I recently changed the router in my house to a (what would now be old) Linksys router.  To maintain a smoothe transition I kept all of the network information identical (same ssid, network key, etc...).  All computers in my house are able to connect just fine except my Gentoo desktop (to note, before I forget, this desktop dual-boots with XP and I can connect just fine in Windows, so I don't believe this to be a hardware issue).  My wireless adapter hasn't changed (it uses an RT73 driver), but for some reason I cannot connect to the router at all.  I use WICD and can see the networks in ny neighborhood (including my own) and can start to connect, but cannot obtain in IP address from the router.  The WICD log indicates that dhcpcd is searching for an IP, but it always times out after about a half minute.  I've tried clearing the configuration/saved data for WICD and restarting the process.  I also ensured that the MAC address of the new router is updated in my system (so that I know it is the new network it is trying to attach to) and, indeed, it is the correct device.  I'm kinda stuck here (and never had much luck/particularly liked how wifi is handled in Gentoo) but I also don't have much of a background with it.  Any ideas what could be wrong?

----------

## The Doctor

I have had similar problems with wicd and networks.

For me, the simplest fix is to give you Gentoo box a static IP address.

You can use windows to see what the IP should look like.

----------

## alienjon

That's a good thought.  I actually set the router to give my computer a specific IP so that I can SSH, etc... (I did try disabling this to see if that would effect the connection, with no luck), so just setting it to a static IP should work well.  I'm not home right now, but I'll give that a go when I get the chance and let you know how it works out.

----------

## PostChache

I can't connect wirelessly neither!
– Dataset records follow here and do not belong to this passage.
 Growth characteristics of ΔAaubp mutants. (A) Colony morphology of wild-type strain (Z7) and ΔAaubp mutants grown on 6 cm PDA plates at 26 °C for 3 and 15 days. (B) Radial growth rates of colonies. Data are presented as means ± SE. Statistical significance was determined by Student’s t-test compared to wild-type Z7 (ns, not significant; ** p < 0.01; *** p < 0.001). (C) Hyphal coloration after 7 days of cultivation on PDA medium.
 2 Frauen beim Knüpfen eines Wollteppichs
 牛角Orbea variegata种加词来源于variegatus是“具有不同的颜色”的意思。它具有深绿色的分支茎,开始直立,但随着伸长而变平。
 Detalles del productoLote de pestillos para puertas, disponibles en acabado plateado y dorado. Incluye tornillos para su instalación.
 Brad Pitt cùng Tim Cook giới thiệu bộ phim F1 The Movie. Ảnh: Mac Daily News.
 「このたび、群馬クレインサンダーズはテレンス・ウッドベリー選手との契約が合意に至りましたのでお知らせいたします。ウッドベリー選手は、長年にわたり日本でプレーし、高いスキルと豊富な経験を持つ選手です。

It's strange I was using it all day but when I rebooted it stopped working. I have a WEP key which is correct and I even tried it without any type of encryption and I still can't connect! I tried using ifconfig to connect manually but it would tell me something was wrong with the essid but I know that it's correct.

----------

## alienjon

Any changes to your router or wifi setup during that time?

----------

## Joseph K.

The problem sounds like the issue is with dhcpcd, not with wicd.  What version of dhcpcd and the kernel are you using?  Have you searched the forums for similar dhcpcd time-out issues?

----------

## Hypnos

I have a similar issue with older routers.  Unfortunately, I'm not near one right now.
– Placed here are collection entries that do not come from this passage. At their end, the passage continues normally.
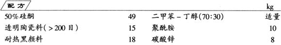 先将硅酮、聚酰胺、陶瓷料、黑颜料、碳酸锌一起球磨48h,然后用二甲苯-丁醇稀释到黏度合格,即得耐热涂料。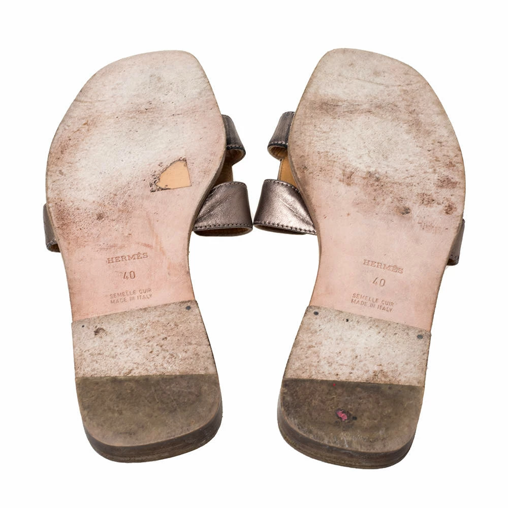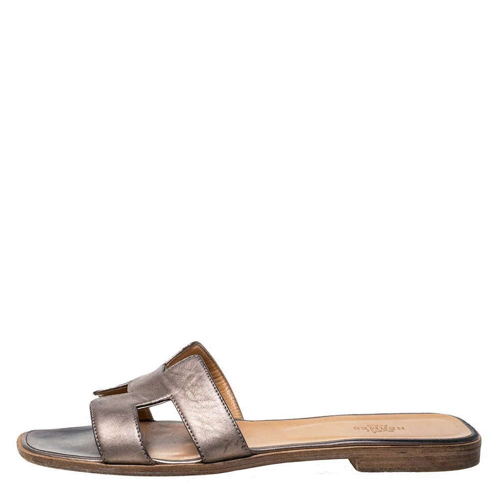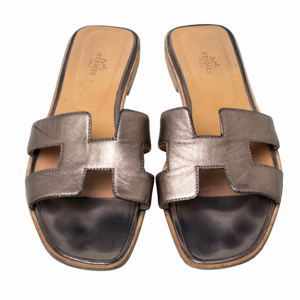 Put your best foot forward this season in these pretty Hermes flats. These metallic brown Oran flats have been crafted from leather in Italy and they feature the iconic H on the vamps as well as insoles meant to provide comfort at every step. These flats are sure to attract admirers!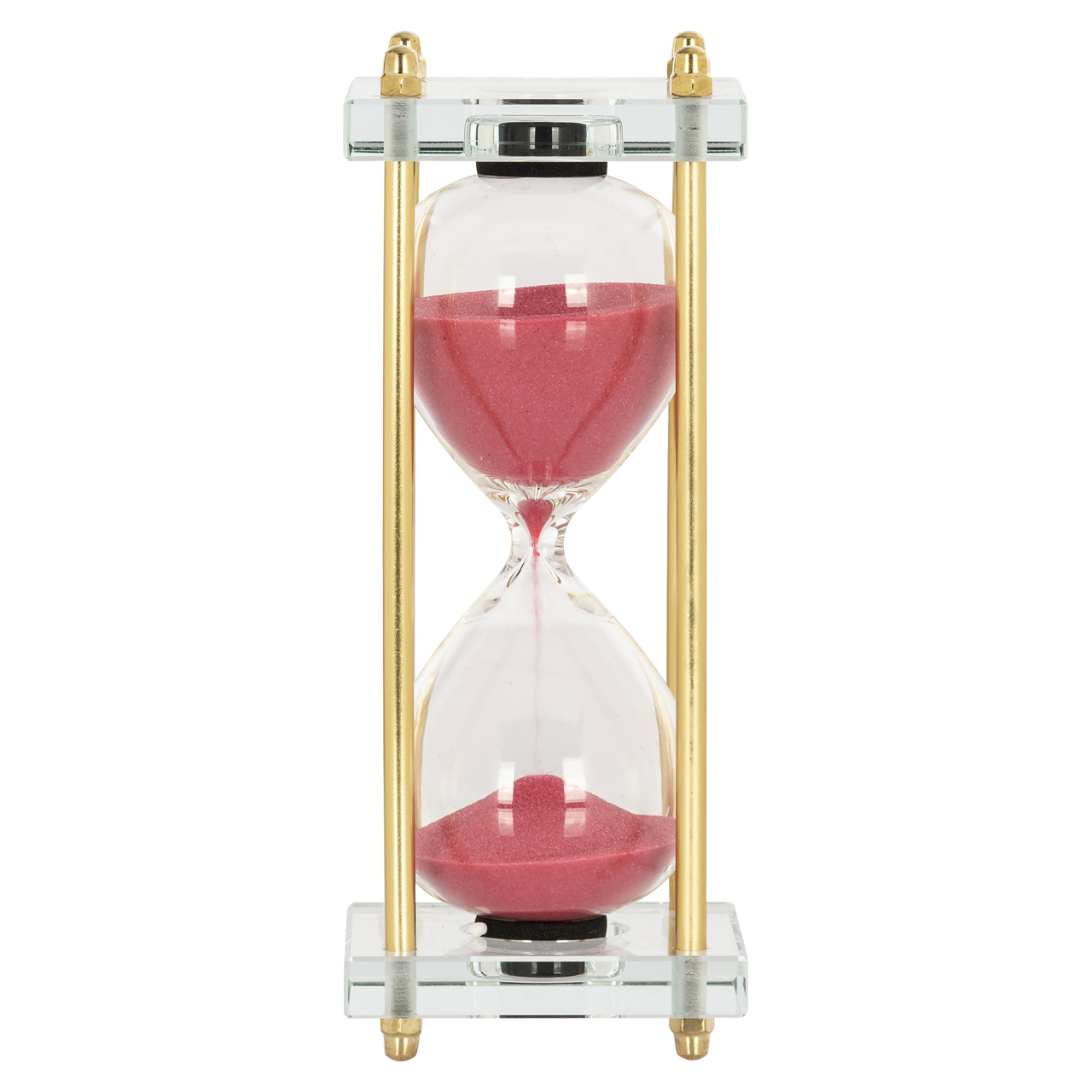 De zandloper Ziva combineert de eenvoud van glas met de verfijning van gouden details. Het heldere glas stelt gebruikers in staat om het zand in real-time te zien bewegen, wat een kalmerend effect kan hebben. De toevoeging van gouden details voegt een vleugje luxe en elegantie toe, waardoor het een prachtig decorstuk is voor elk interieur. Perfect om de tijd op een stijlvolle manier bij te houden of gewoon als een elegante decoratie op een boekenplank of bureau te plaatsen.

Please enable "clientid" in /etc/dhcpcd.conf (see the man page) and try again!

I got the idea from here.

----------

## Joseph K.

Thanks, Hypnos, that's the issue that I was thinking of but couldn't quite summon to mind.  Cheers.

----------

## alienjon

We ended up switching back to the old router so it's not an issue anymore.  Thanks for the tip, though, I'll keep it in mind in case it comes up later.

----------

## 5ch31d

I`ve got the same problem here. 

If i configure ip-settings manually, it works without any problem. But i can*t connect to the networks that wicd found, automatically. 

Are there any solutions?

Thanks.

----------

## mimosinnet

 *5ch31d wrote:*   

> If i configure ip-settings manually, it works without any problem. But i can*t connect to the networks that wicd found, automatically. 

 

Can you connect at all to the wireless network, or can you only connect after you have defined your ip?

----------